Problem description:
Would you please restate the data exactly as it stands, apart from the pictures?

Data block:
━━━━━━━━━━
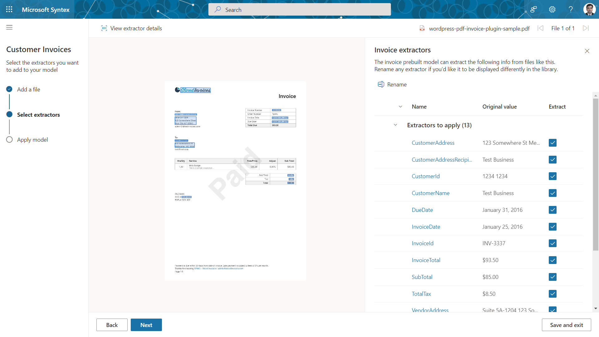 In the document library, select the document(s), click Classify and extract to let Microsoft Syntex to extract out the information from your documents.
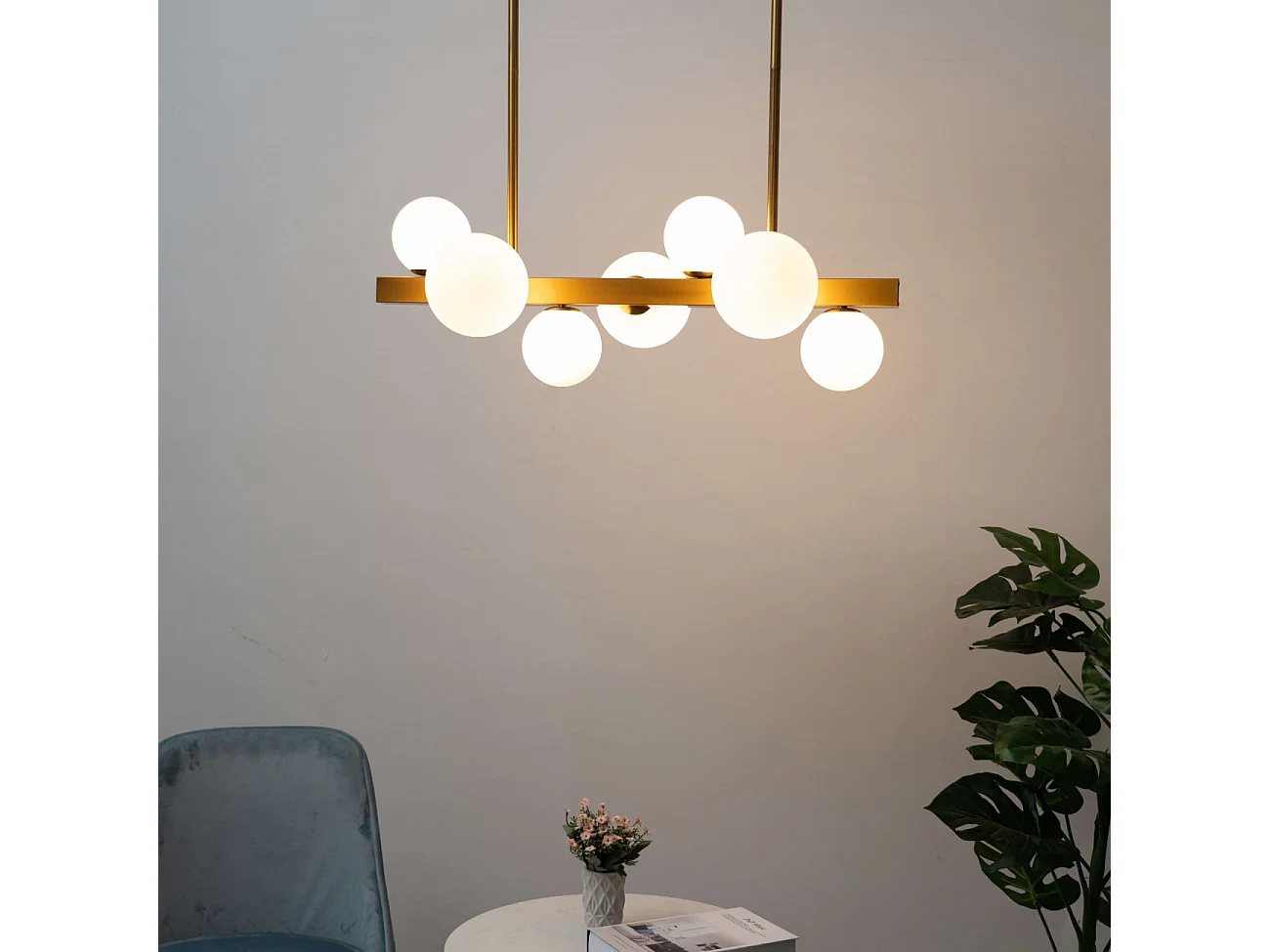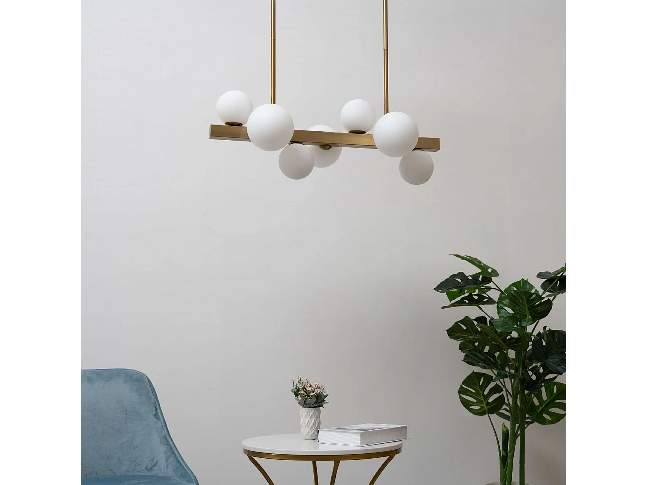 Suspension barre à sphères en verre blanc - Oromia
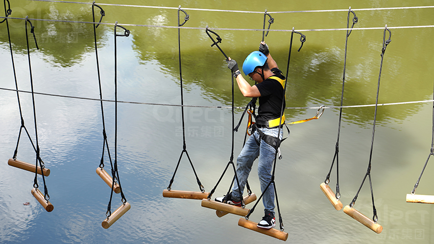 將叢林穿越與水元素結合!穿梭于樹冠之間,架設于田園水系之上,游客在水面上穿越,體驗“水上輕功”的獨特樂趣。
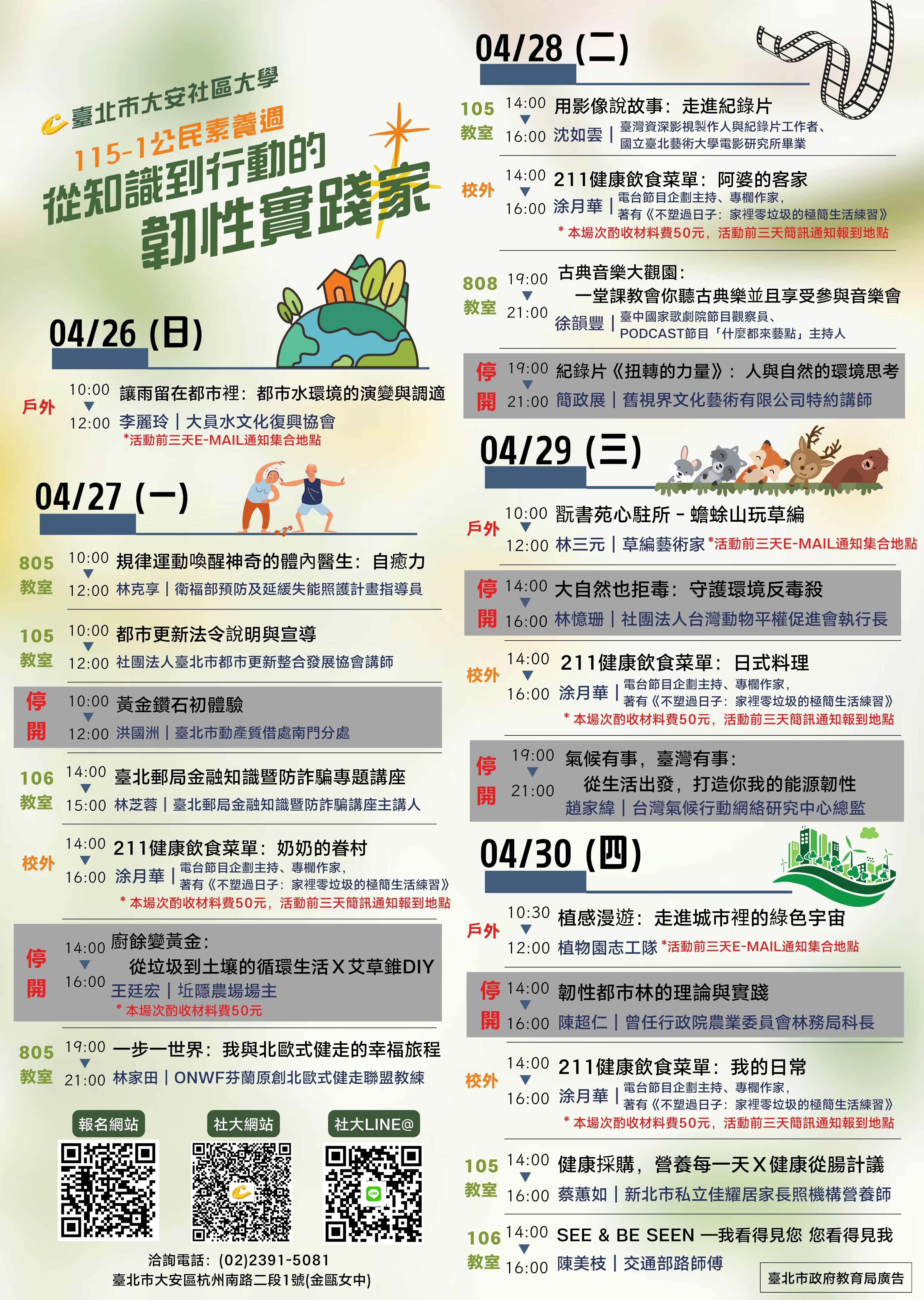 感謝學員的熱情參與,以下為各場次開課狀況,請自行查詢開課狀態,如需退費,請攜帶收據至社大辦公室辦理。
━━━━━━━━━━
Answer box:
 In the document library, select the document(s), click Classify and extract to let Microsoft Syntex to extract out the information from your documents.
 Suspension barre à sphères en verre blanc - Oromia
 將叢林穿越與水元素結合!穿梭于樹冠之間,架設于田園水系之上,游客在水面上穿越,體驗“水上輕功”的獨特樂趣。
 感謝學員的熱情參與,以下為各場次開課狀況,請自行查詢開課狀態,如需退費,請攜帶收據至社大辦公室辦理。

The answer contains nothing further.